Вот и пристрастились в свое время к книгам – да и потом их не разлюбили, привычка читать осталась. К тому же в холодное время года была и другая положительная сторона: библиотека, сама того не ведая (то-то было бы визгу, если бы проведали!), служила еще и книжным магазином – в отличие от настоящих книжных, совершенно бесплатным. В настоящих книжных – хоть шаром покати. Исключение разве что военторг в поселке МПС, где порой появлялось что-то интересное, продававшееся свободно. Митя там недавно купил «Вооружение иностранных армий», ценное кучей фотографий танков, броневиков и военных самолетов, и «Историю Первой мировой войны» – толстенный скучнейший том, но опять-таки изобиловавший интересными фотографиями. Зато библиотека… Она и есть библиотека, там куча интересного на полках, а полки стоят густо, закрывая читателей от библиотекарши, сидящей себе мирно за столом…
Технология отработана давно и безукоризненно. Как только подступали холода и все надевали под пиджаки свитера, тут и начинался «пиратский сезон»… Пиджак расстегнут, а свитер мешковатый и длинный, подобранный как минимум на размер больше. Нужно только улучить подходящий момент, когда нет посторонних глаз. Книга (а то и две, если не особенно толстые) молниеносным отработанным движением отправляется под свитер, а ремень заранее застегнут соответствующим манером – чтобы надежно прижимал книгу к пузу и чтобы она свитер не оттопыривала. Библиотекарша никогда особенно не приглядывается, ей и невдомек, что иные тянущиеся к знаниям и изящной словесности молодые люди – чересчур уж активные читатели. Во всяком случае, за три сезона, в преддверии четвертого, ни разу не запоролись. Какой-то учет у них там есть – не одни Доцент, Батуала и Сенька такие умные (они об этом увлекательном и полезном занятии узнали в свое время как раз от старших), библиотекарши давно уразумели, что книги таскают. Но нет у них возможности всё время следить за каждым… К тому же материальной ответственности они явно не несут – иначе как раз неустанно бдили бы, как тот Зоркий Сокол.

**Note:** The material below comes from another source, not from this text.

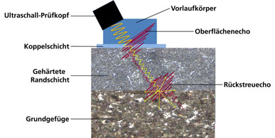 德國Fraunhofer超聲波背散射無損測試技術信號傳播簡示圖 上海量博無損檢測特大型套圈和軸承淬火硬化層厚度的探測系統
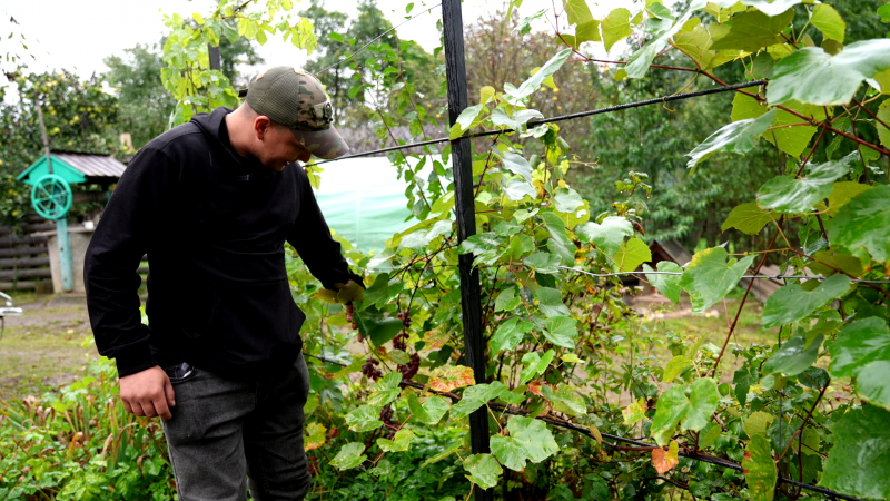 Ветеран Юрій Шеремет доглядає за виноградником. Суспільне Івано-Франківськ

А так – давно прокатывает…
Каждый, конечно, выбирал по своему вкусу. Сенька упор делал на западные романы, особенно детективные и приключенческие (правда, не так уж часто попадавшиеся). Доцент – на то, что казалось ему интересным, коллекционировал фантастику (и подобрал уже восемь томов из двадцатипятитомной «Библиотеки современной фантастики»). Батуала был падок на те книги, которые характеризовал так: «секс-насилие-убийство». А в общем – что покажется достойным внимания, то и улетучится вместе с ними. Иногда сам, если сегодня улова нет, поможешь кенту – если он покажет тебе книгу, держа ее вверх ногами, значит, она ему нужна, но места под свитером уже нет.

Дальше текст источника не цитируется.